Even so, the specific characteristics that constitute an effective teacher are hotly debated, in large part because teacher quality is extremely difficult to measure. As a result, most studies resort to measurable proxies, such as certification, academic degrees, and years of experience. Most of these characteristics bear some relationship to student scores, but on the whole, they explain only a fraction of teacher quality—perhaps as little as 3 percent of the overall variation in students’ test scores (Rivkin, et al, 2005; Goldhaber, et al, 1999).
Of the measurable characteristics isolated for study, teaching experience has consistently been linked to student scores. On average, beginning teachers produce smaller learning gains in their students compared with more seasoned teachers. Most of the studies show that teachers grow in effectiveness over at least the first five years on the job, though the benefits of experience are less clear after that point (Nye, et al, 2004; Clotfelter, et al, March 2007, October 2007; Harris and Sass 2007).
Deep content-area knowledge is also an attribute of teachers that seems to have a positive impact on student achievement. This appears especially true for mathematics teachers. A variety of studies have found that factors such as math-licensure test scores, math certification, a math undergraduate or graduate degree, and math-focused professional development for secondary educators bear a relationship to student scores (Hill, et al, 2005; Harris and Sass, 2007; Goldhaber and Brewer 1999; Clotfelter, et al, March 2007, October 2007).
In general, most teacher-quality issues, including preparation, certification, tenure, evaluation, and licensing, continue to be the provenance of states and districts.
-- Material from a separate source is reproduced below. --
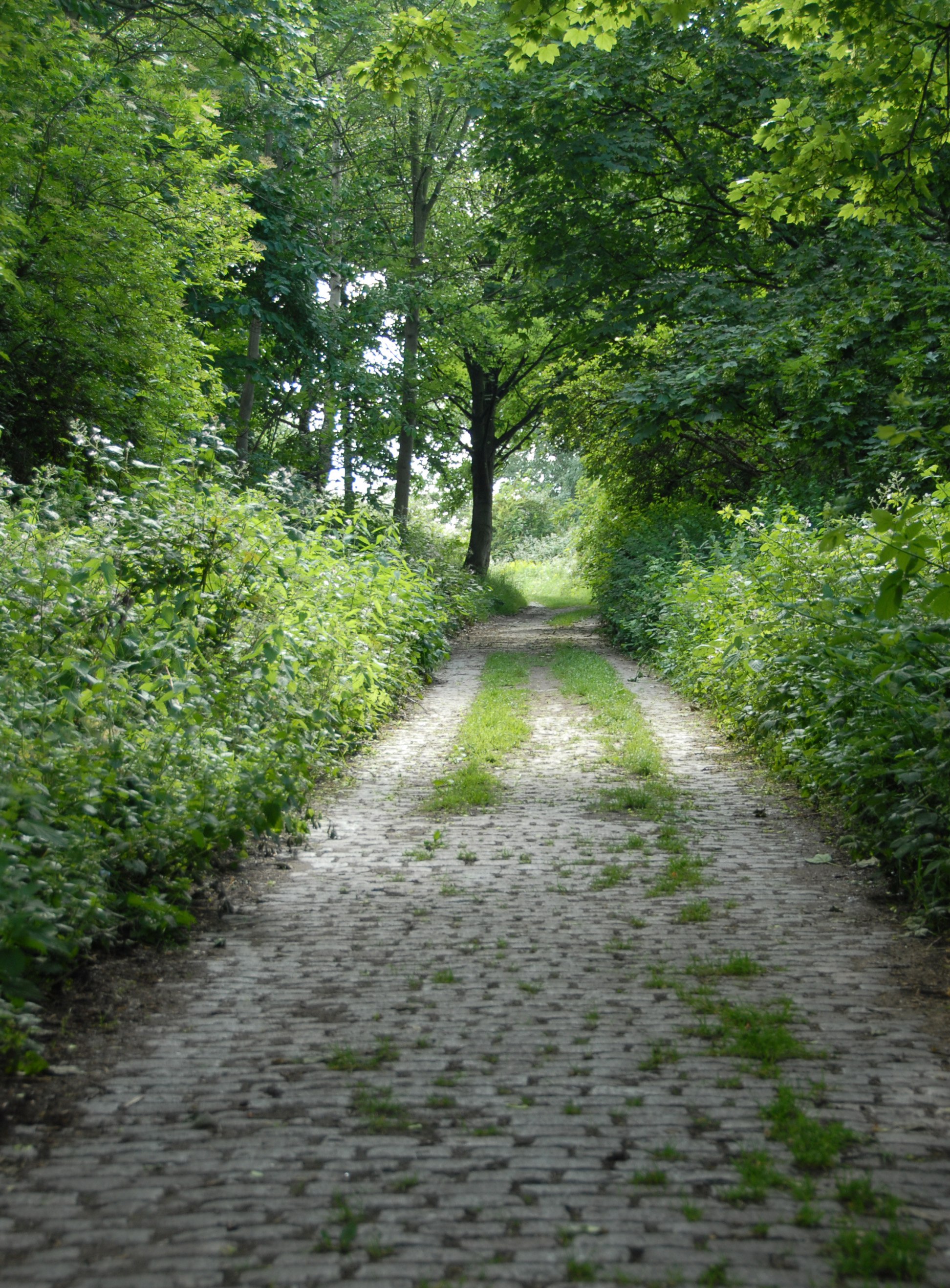 Own Work

The first major federal foray into teacher-quality standards came with the passage of the federal No Child Left Behind Act of 2001. The law requires every teacher of a core academic subject defined in the law to be “highly qualified.”
To meet that designation, a teacher must be certified and have demonstrated proficiency in his or her subject matter by having majored in the subject in college, passing a subject-knowledge test, obtaining advanced certification in the subject, or using an alternate, state-determined method. The highly-qualified teacher rules have generally been criticized for having few effects overall on teacher practices (Keller, 2007).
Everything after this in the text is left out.